The financial improprieties in President Robert Mugabe’s office Appropriation Account has been revealed by an auditor-general (AG) investigation.
The report was made public last week after it was tabled in the National Assembly.
Auditor-general Mildred Chiri said Mugabe’s office had failed to provide the executive committee acquittal for the expense.
Although management in the President’s Office provided an explanation, the AG found evidence that “the funds might not have been used for the intended purposes if no acquittal nor recovery is done.”
The report described Mugabe’s office’s response to be inadequate and Chiri further stated: “The office should ensure that the outstanding amount is cleared and robust dunning procedures are adopted.”
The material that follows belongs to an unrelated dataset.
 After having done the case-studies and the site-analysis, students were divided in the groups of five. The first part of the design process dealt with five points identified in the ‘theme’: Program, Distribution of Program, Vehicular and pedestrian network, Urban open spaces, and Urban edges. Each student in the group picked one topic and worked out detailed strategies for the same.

According to the President’s Office, the officer was discharged from service on May 31, 2015 before she had accounted for the Travelling and Subsistence advance.
“We have been trying to contact her so that she could bring a copy of her passport without success. We will submit information as soon as she has been located,” Mugabe’s office said in its management response.
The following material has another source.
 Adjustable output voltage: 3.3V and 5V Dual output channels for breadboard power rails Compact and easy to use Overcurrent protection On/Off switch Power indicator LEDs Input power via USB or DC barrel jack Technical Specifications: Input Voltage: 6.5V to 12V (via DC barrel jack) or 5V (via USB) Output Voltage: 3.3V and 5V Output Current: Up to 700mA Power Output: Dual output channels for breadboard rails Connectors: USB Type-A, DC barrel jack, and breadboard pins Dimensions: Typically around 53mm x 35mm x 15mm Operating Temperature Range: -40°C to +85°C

Among the AG findings were that Treasury regulations were flouted by Mugabe’s office.
Other improprieties uncovered by the AG investigation were that there were no specific details about where and how the money was spent, with the unnamed official profiting from taxpayer money. The President’s Office, also, did not have an Audit Committee during the year under review as required by provisions of the Public Finance Management Act (Chapter 22:19) section 84 (i) and (ii).
Travelling on government business is many an official’s wish because of the allowances and other privileges it comes with, and enjoy the privilege of re-entering the country without being searched.
“I noted that an amount of $12 805 for Foreign Travel and Subsistence allowance issued to one of the officers on March 13, 2015 for a trip to India, has been long outstanding, with no evidence that the advance was ever acquitted.
“This was contrary to Treasury Instruction 1504 which stipulates that advances should be cleared immediately upon return from official travel by the member so advanced.
“Treasury Instruction 1505 also directs that any outstanding advance should be deducted from the member’s salary until the whole advance is cleared.
“The non-recovery can be attributed to lack of robust dunning procedures,” Chiri’s latest report for the year-ended December 31, 2015 said.
The details that have emerged do not make it clear what the trip was designed for, but used funds from the government.
According to figures released under the Consolidated Revenue Fund (CRF) last month, government splurged $44,9 million on the Office of the President and Cabinet in the period between January and November 2016 against a budgeted $20,7 million on foreign trips.